__What is being asked__
Using the records that follow, reproduce exactly the lines starting at the line containing "This gravel pathway" and ending at the line containing "带通滤波器可以简单由低通滤波". Include both end lines and no pictures.

__Data for processing__
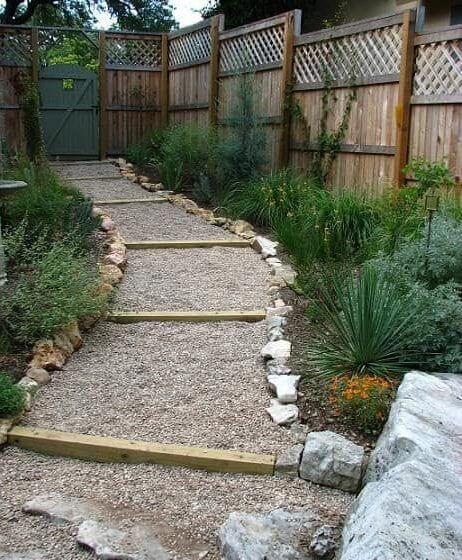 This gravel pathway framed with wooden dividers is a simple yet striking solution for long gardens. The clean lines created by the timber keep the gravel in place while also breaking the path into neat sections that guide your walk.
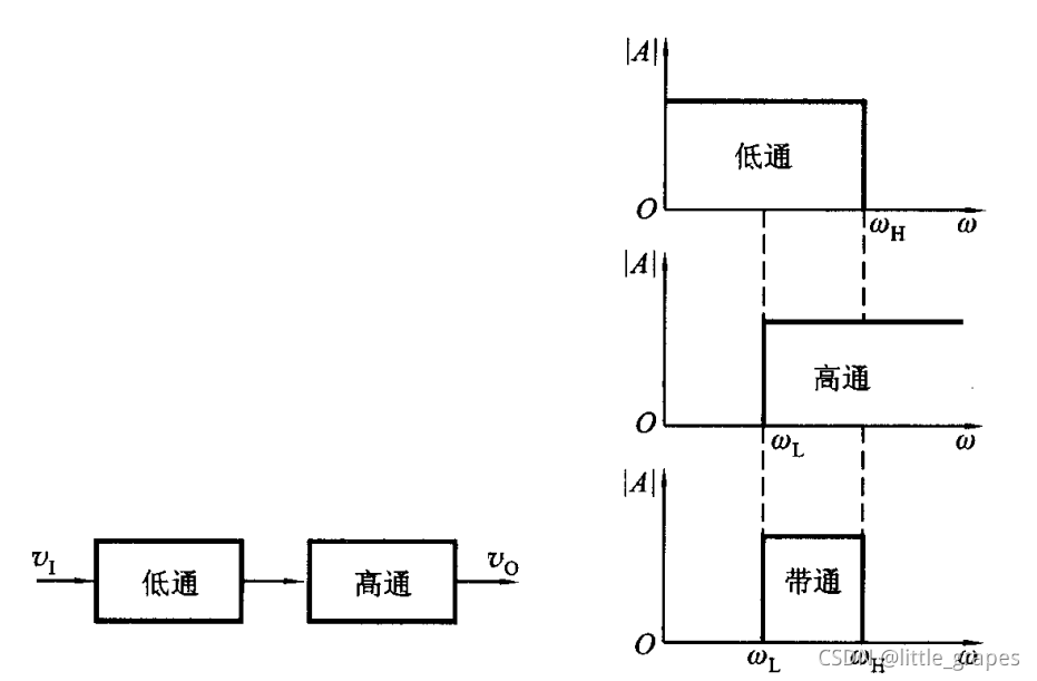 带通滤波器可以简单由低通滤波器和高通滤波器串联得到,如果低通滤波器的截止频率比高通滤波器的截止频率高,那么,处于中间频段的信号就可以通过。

--

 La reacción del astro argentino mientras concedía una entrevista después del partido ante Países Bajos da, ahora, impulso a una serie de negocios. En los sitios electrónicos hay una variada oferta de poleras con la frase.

...

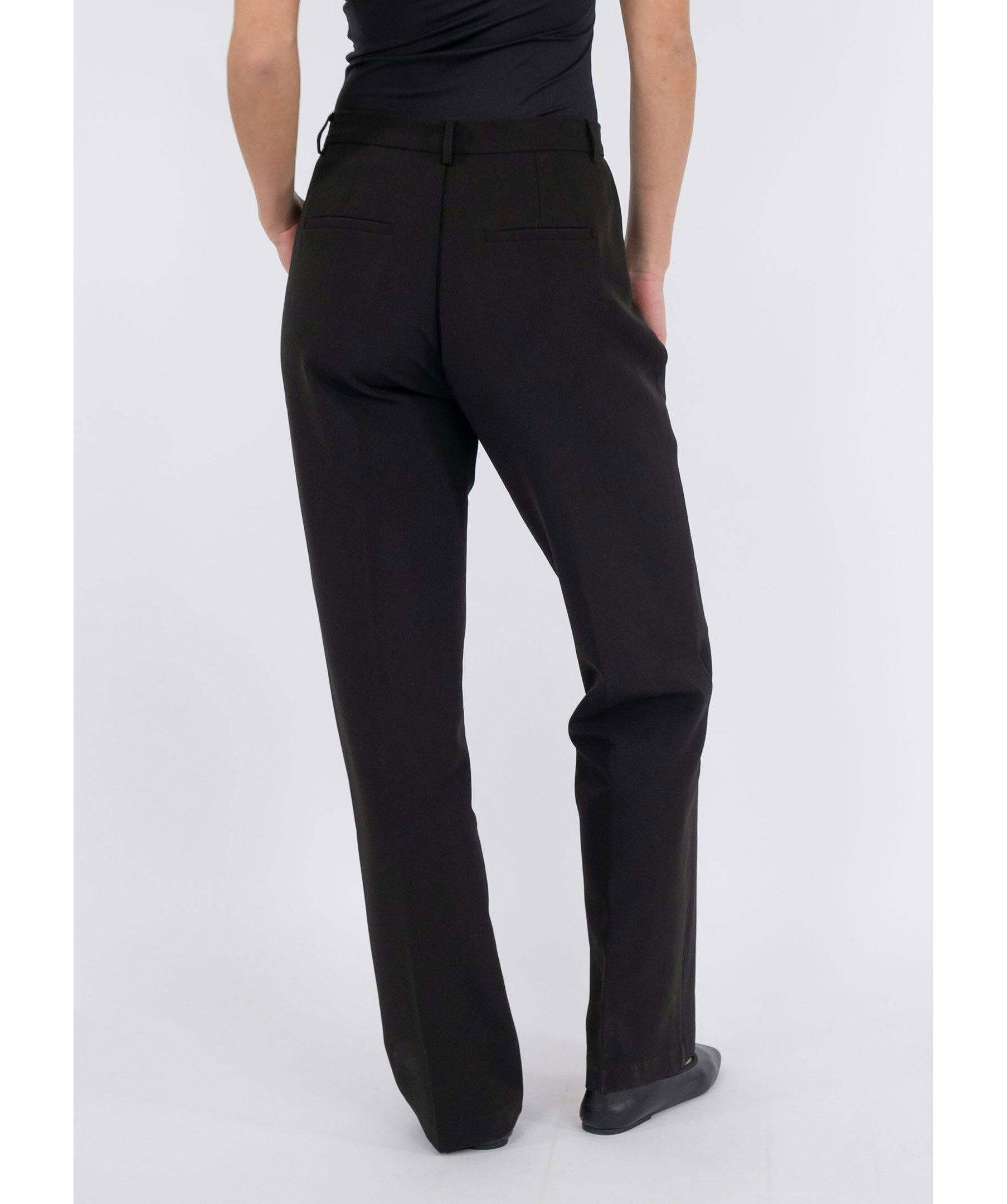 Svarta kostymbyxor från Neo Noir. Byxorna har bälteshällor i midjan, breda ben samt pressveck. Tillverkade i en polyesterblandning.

__Response area__
 This gravel pathway framed with wooden dividers is a simple yet striking solution for long gardens. The clean lines created by the timber keep the gravel in place while also breaking the path into neat sections that guide your walk.
 带通滤波器可以简单由低通滤波器和高通滤波器串联得到,如果低通滤波器的截止频率比高通滤波器的截止频率高,那么,处于中间频段的信号就可以通过。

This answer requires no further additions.